We’re creating a more connected travel industry, underpinned by sustainability and long-term investor relations.
The analogy I like to use to describe what I do for some of my non-data scientists friends is the process of turning coal into diamonds. Fragmented, messy data, is the ‘coal’ and the ‘diamonds’ are the meaningful takeaways from data that can help businesses make informed decisions. After much time and pressure, we turn data, which is nothing more than facts and numbers, into information with relevance and purpose. But during this process, a number of steps must be followed before informed decisions can be made.
Here’s a list of 10 things I wish most people understood about the process of extracting data.
First, you have to retrieve the data. If you are lucky, it can be as simple as synchronising files or calling (un)documented web APIs. In other cases, you need to develop a dedicated web scraper for every data source and maintain it to deal with the evolving website.
There is little guarantee that the remote service will stay available, so you need to store the downloaded data in a so-called ‘data lake’. The data lake accepts all data formats, including the nasty ones and exposes an easy (but controlled) route to the raw data. It is important to store the raw data and not some derived form, since our understanding of the raw data grows over time.
This often forgotten but essential process unifies messy and disparate data sets into a common, clean format. It is often said that the cleaning of data takes up 80% of a data scientist's time. Errors will always creep into large datasets, especially when they are spread over a long time span. Due to the nature of errors, the munging is a semi-automated process but will always require human intervention.
4. Data Quality:
Due to the constant evolution of data and data sources, quality monitoring is a part of data processing and goes hand in hand with finding out the root causes of quality alerts. For example, if the capacity of an airport drops suddenly – there could be an error in the source data, or perhaps there was a major disruption at the airport? Continuous massaging of data, combined with a reality check is necessary.
As a data scientist, you need to understand the datasets. Most likely, you will calculate some basic statistics (totals, averages, and spread) and plot many graphs (scatter, trend lines, etc) to get a sense of what is interesting. During this exploration, the data scientist starts crafting a story and starts explaining the data in a business context. Interactive tools such as IPython, R and Excel are often used, but command line tools such as awk and gnuplot are equally effective as well.
6. Analysis & Modelling:
This process ranges from simple KPI extraction to highly advanced data modelling and machine learning. The techniques require theoretical and mathematical skills, but they are only one aspect of the model lifecycle. How does an air traffic model react to correct but exceptional data, such as a sudden drop of passengers during the Eyjafjallajökull volcano eruption? Can the model be easily updated? Some models are real-time and demand a quick deployment, for which a tight integration with DevOps is indispensable.
7. Big Data:
Do not automatically assume you need a Big Data cluster for your data job. Some small problems perfectly fit the map-reduce or the Spark paradigm, while some large volume problems would not work with a distributed approach. Clusters come with an overhead and the low prices for RAM and SSD drives enable data jobs to be executed on a single machine. Even Excel combined with PowerPivot goes a long way.
8. Domain Knowledge:
Data without domain expertise remains nothing more than facts and numbers. You acquire domain knowledge by asking many questions, which is why curiosity and passion are often said to be necessary qualities in a data scientist. For example, you should not accept outliers as mere exceptions. In most cases, there is a story behind the outlier, which eventually contributes to your domain knowledge.

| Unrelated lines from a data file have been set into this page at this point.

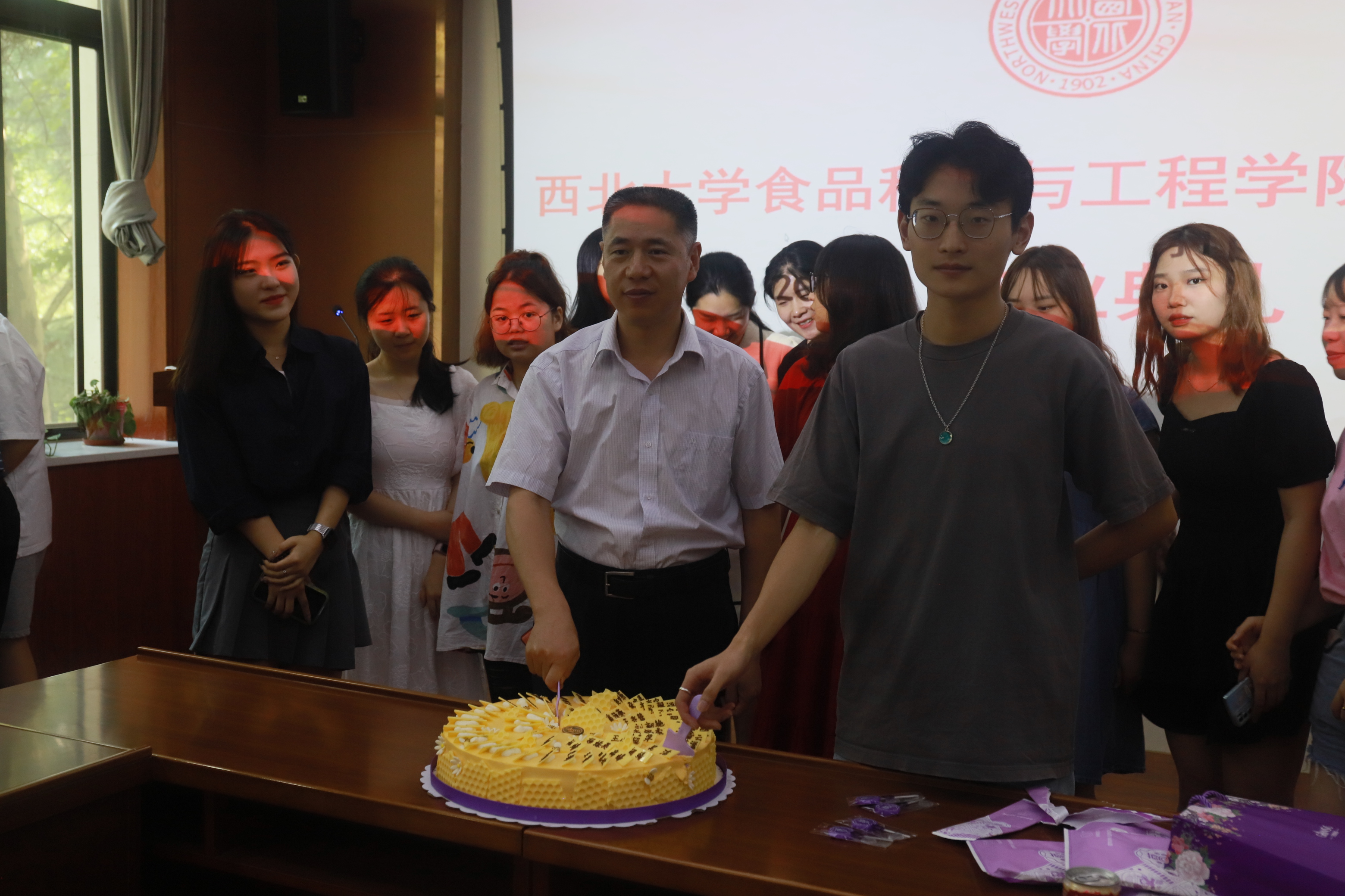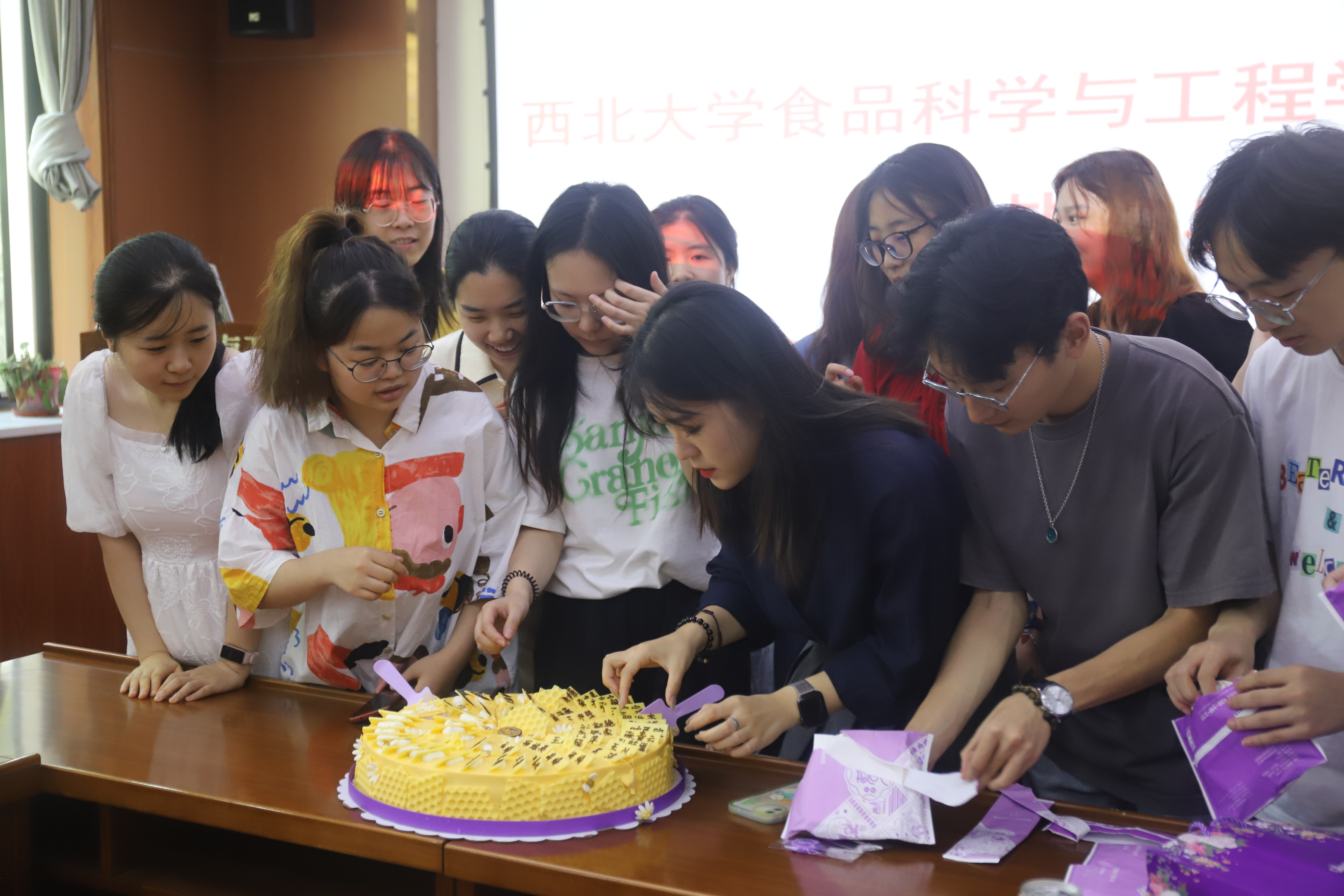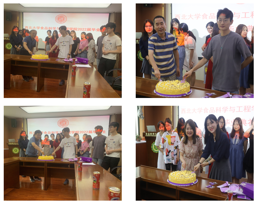 最后,老师们和同学们同切蛋糕,分享毕业的快乐。蛋糕上写有每名毕业同学的名字,祝各位同学前程似锦、未来可期!
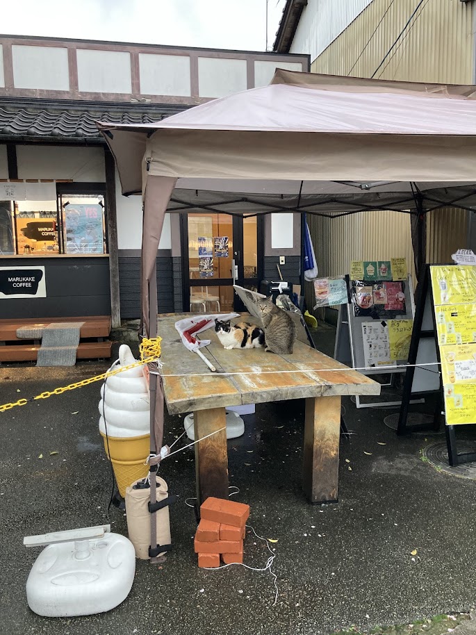 這一天下午大雨過後,商店街的貓咪們也外出玩耍跟遊客見面
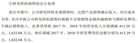 與此同時,對比前後兩次招股書(申報稿),禾信儀器對多項財務數據進行了調整,其中包括針對2018年度營業收入調減1014.33萬元,主要原因是“研發樣機銷售調減營業收入1632.04萬元”。根據招股書披露的信息,該調減項目被用於衝減2018年度研發費用,這指向公司在前次申報上市過程中,虛增“研發樣機銷售收入” 1632.04萬元。至於上述財務數據調整,是否與變更審計機構存在直接關係,禾信儀器並未接受記者採訪。
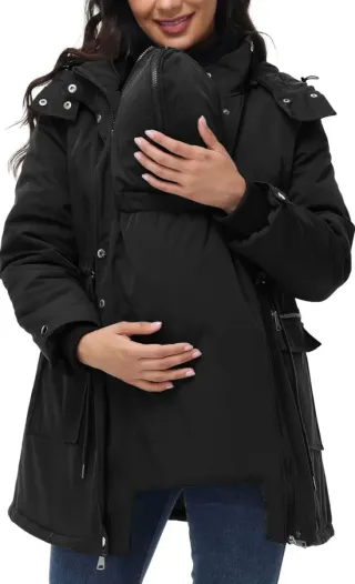 Abrigo diseñado para embarazo y porteo. - Capucha con pelo sintético. - Cierre de cremallera doble. - Cordones ajustables en cintura.
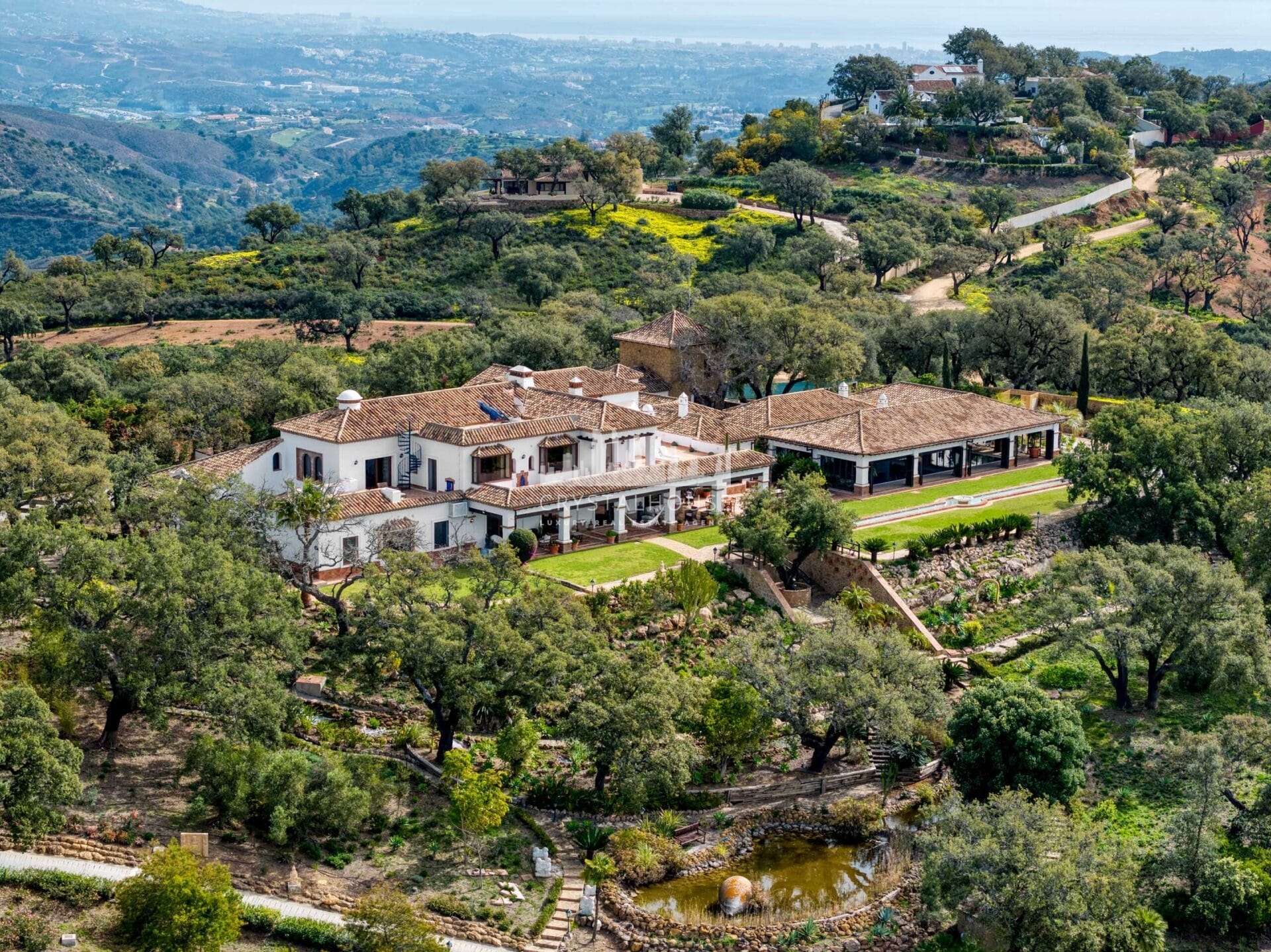 The property is surrounded by an impeccably maintained garden, with fruit trees, mature plants, ponds, graceful fountains, sculptures and serene water features. Besides, there is a small house offering panoramic 360-degree views, serving as a dedicated space for painting or hobbies.

In the end, your findings need to be communicated into clear and non-technical terms so that everybody can grasp the insights. The results of the modelling is still a bunch of numbers that need to be translated in a graph. Visualisation is a crucial step in data processing. Building compelling visualisations require a special set of soft skills that are hard to pin down; they sit between art, science and storytelling.
10. Human Context:
There are some interesting resources that use data in service of humanity. DataKind organises ‘data dives’ in which pro bono data scientists collaborate with NGO's to tackle humanitarian problems. The openknowledge foundation strives to free as much data as possible and they gather open source tools that help process data. These organisations strive to unlock information and create easy access to open data. This empowers everyone to help expose inequalities. In the same open data spirit, Amadeus data scientists maintain with great care a collection of travel and leisure related data.
Editor’s note: It’s been labelled the sexiest profession of the 21st Century, one where demand has raced ahead of supply, a hybrid of data hacker, analyst, communicator, and trusted advisor. Data scientists are people with the skill set (and the mind-set) to tame Big Data technologies and put them to good use. But what kind of person does this? Who has that powerful –and rare- combination of skills? In this series, Amadeus’ team of Data Scientists seek to unlock the answers to those questions and their impact on travel.